The Redesdale Bridge is one of the oldest iron lattice-truss bridges in Victoria, Australia. The Redesdale Bridge is a wrought iron and timber structure with bluestone abutments, spanning the Campaspe River near the town of Redesdale.

==History==
The bridge was completed in January 1868, despite a carved commemoration stone having the date 1867. In early 2015, the name of Redesdale Bridge was adopted by the Office of Geographic Names and formally gazetted in the Victorian Government Gazette on 19 March 2015.

The trusses for the bridge were originally imported in 1859 for the Hawthorn Bridge over the Yarra River connecting the suburbs of Richmond and Hawthorn. The ship Herald of the Morning, at the end of its second voyage to Australia in 1859, whilst bringing 419 immigrants and a mixed cargo that included the wrought iron trusses, caught fire and sank in Hobsons Bay. As a result, the Hawthorn bridge was delayed for several years while new trusses were made and shipped out to Australia.

Ten years later the original trusses were salvaged from wreck of Herald of the Morning at the bottom of Hobsons Bay and sold privately to the Melbourne foundry Langlands & Co. The wreck was advertised for sale on 29 November 1859. Two hundred tons of ironwork were purchased by the goldfields shires of McIvor and Metcalfe for £1000. Prominent Melbourne engineer T.B. Muntz designed the bridge and contractor Thomas Doran won the construction contract. The final cost of the bridge was £6274.
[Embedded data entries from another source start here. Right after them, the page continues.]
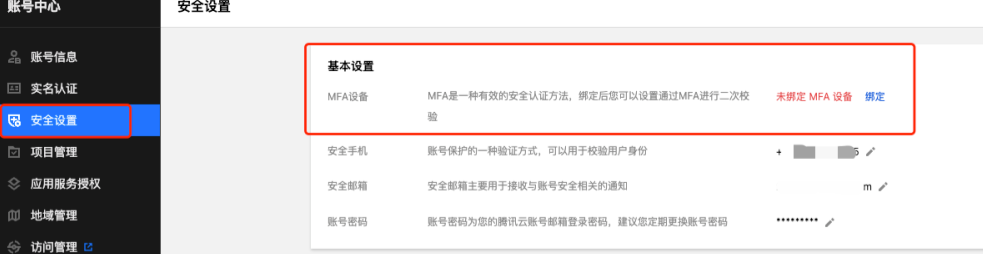 2. 在基本设置栏中,找到 MFA 设备,单击绑定,根据页面提示完成身份验证。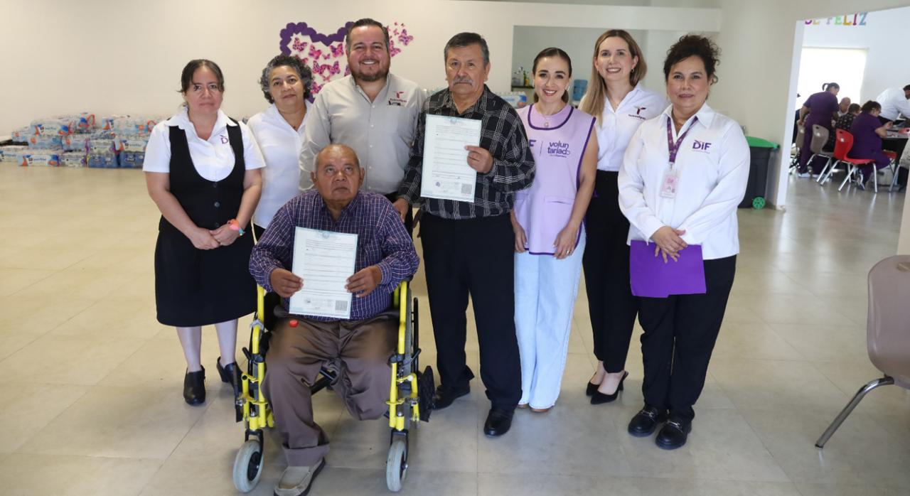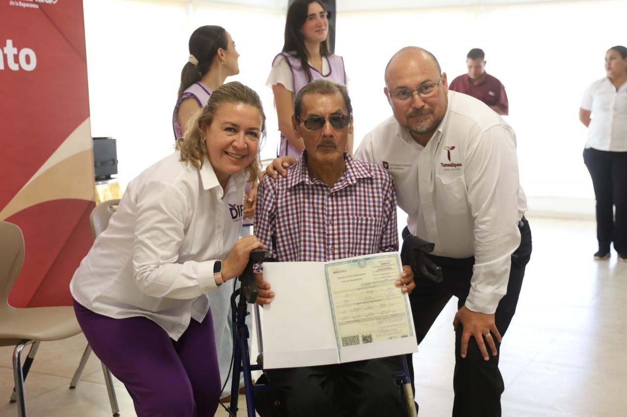 Ciudad Victoria, Tamaulipas.- Como parte de la estrategia impulsada por el gobernador del Estado, Américo Villarreal Anaya, y fortalecida por el compromiso de la presidenta del Sistema DIF Tamaulipas, doctora María Santiago de Villarreal, para asegurar que todas y todos los tamaulipecos cuenten con documentos de identidad que respalden sus derechos, el DIF estatal llevó a cabo la entrega de actas de nacimiento a adultos mayores en la Casa Hogar del Adulto Mayor.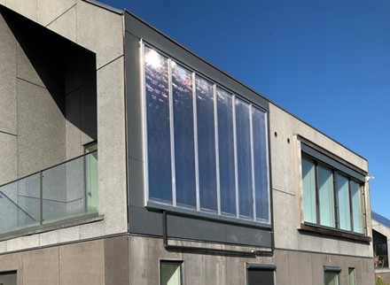 • Reforma del edificio K2 en KUBIK. Reemplazamos el colector solar de aire que se experimentó en su configuración original por un sistema basado en agua e integrado igualmente en un muro cortina. Y su integración en una red térmica que da servicio a ambos edificios. La fachada se diseñó conjuntamente con la empresa UXAMA, en el marco del proyecto IN-SARE.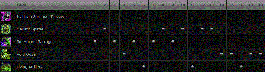 主动:克格'莫抛射出一团腐蚀性的唾沫,造成60/110/160/210/260(+0.7*法术强度)魔法伤害,并减少目标5/10/15/20/25的护甲和魔法抗性。

The bridge was constructed with a divided-lane through-truss design, created specifically for the difficult river crossing and unique in Victoria. The trusses were originally intended for a deck truss design, but were adapted to allow their use as through trusses with stiffening arches connecting them above the roadway. Two separate roadways with an intervening stone pillar separating them have caused problems for modern traffic. The road deck is made with longitudinal timber planks on large timber cross girders that are supported on the lower chords of the trusses.

===Similar bridge ===
Whereas the huge lattice truss girders of the Redesdale Bridge had been imported from England in 1859, the colonial engineering works which had in the meantime developed to service reef and deep lead mining were quite capable of supplying such products for the Central Victorian, Glenmona Bridge, by 1870.